(top is 2001, middle 2011, bottom 2015)
This blog explores how I lost 100 pounds, without gastric bypass surgery or a weight loss drug. But you probably didn't tune in to find out what I didn't do, but rather, what I did to lose weight. Obesity has a lot to do with psychology and so weight loss must involve healing mental health as well as physical. I use Al-Anon teaching for weight loss. Today we're going to look at how I lost 100 pounds losing the blame-shame game.

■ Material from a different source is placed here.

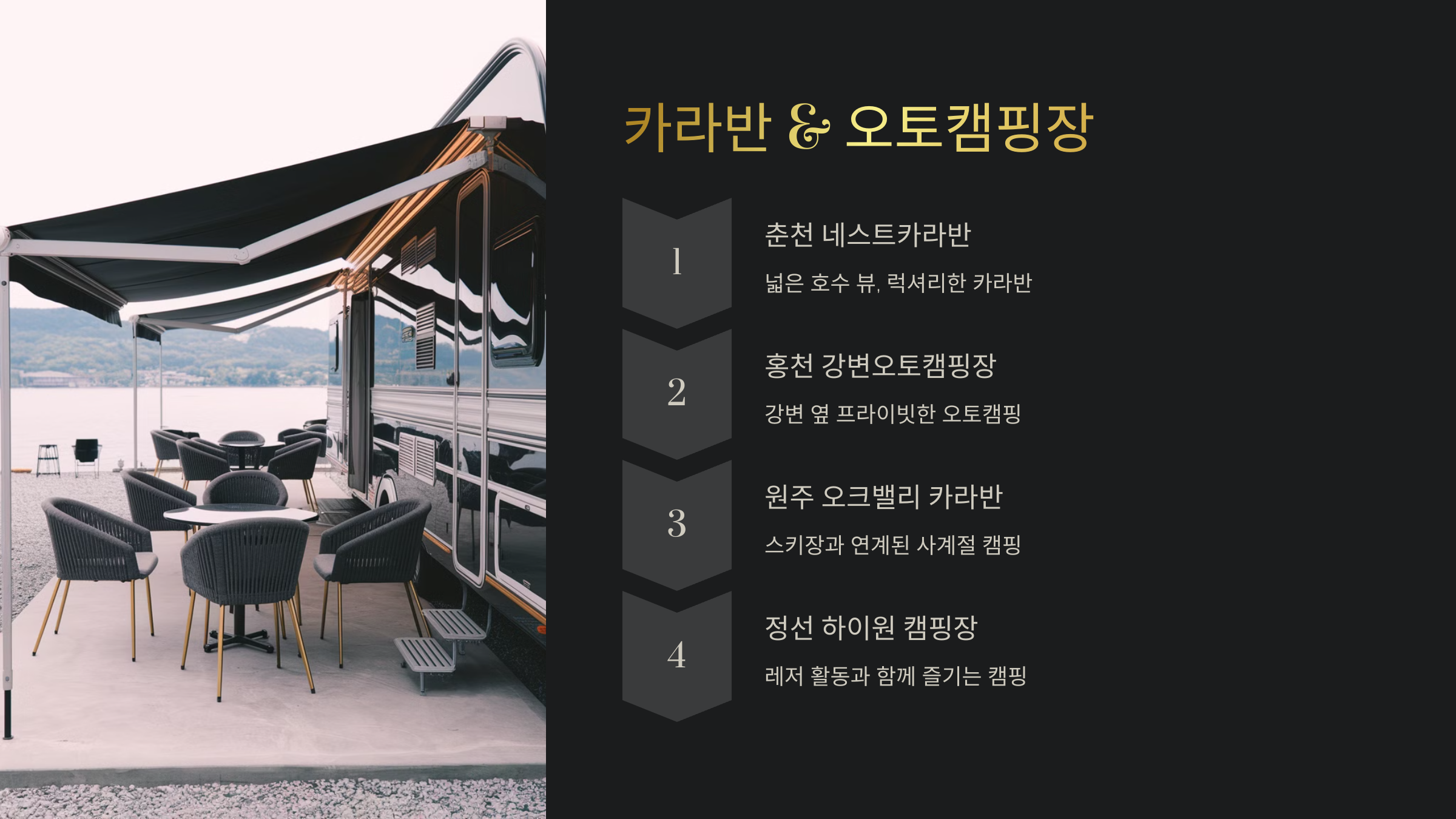 카라반 & 오토캠핑 | 차량을 이용한 편리한 캠핑 | 춘천, 원주, 정선 |

While obesity hasn't plagued me all my life, shame, low self-esteem, low self-confidence, (stinkin thinkin as Al-Anon calls them) have. But I never really got overweight till I lost two stillborn daughters. That plunged me not only into depression but also horrific self-blame. But it also brought a lot of self-awareness.
Depression was an old foe, but I wasn't prepared for the mind-boggling self-esteem plummet. I always felt like a failure but now I couldn't even keep a baby alive?? That was devastating. I got morbidly overweight in part from miscarriages and taking the antidepressant Paxil. But also playing the self-blame-shame game.
Thanks to my higher power and Al-Anon, I found that being overweight was just the tip of the iceberg. I needed to fix this unhealthy "stinkin thinkin" to heal obesity. Soul-searching revealed how much I have struggled with feelings of failure. It was so bad that if anyone criticized me, or even hinted that I should do this or that, I automatically complied. I fully believed that I wasn't capable of making decisions on my own, that every problem was my fault, and that every belief or opinion I held was wrong if someone said they were.
I played the self-blame-shame game so successfully that I actually dream that I fail. Since I was a kid, my dreams involve situations where I've have screwed up, done something wrong, hurt or failed people. and that people are angry with me. I have no idea what I did but I'm definitely to blame. These dreams are horrifying, terrifying, exhausting and crippling. They get worse the older I get.
So I said that how I lost 100 pounds was by losing the blame-shame game. But it's not a done deal or once and for all. It's an on-going process. I have to DAILY lose the game, to lose weight, yes, but more importantly to lose feelings of failure and self-defeat and gain self-confidence and self-esteem.
If you're nodding your head at any of this, please, get help. Run don't walk, to Al-Anon or counseling or some form of self-help or support group. Lose the stinkin thinkin, not just to lose weight, but depression and low self-esteem. Don't wait, like I did.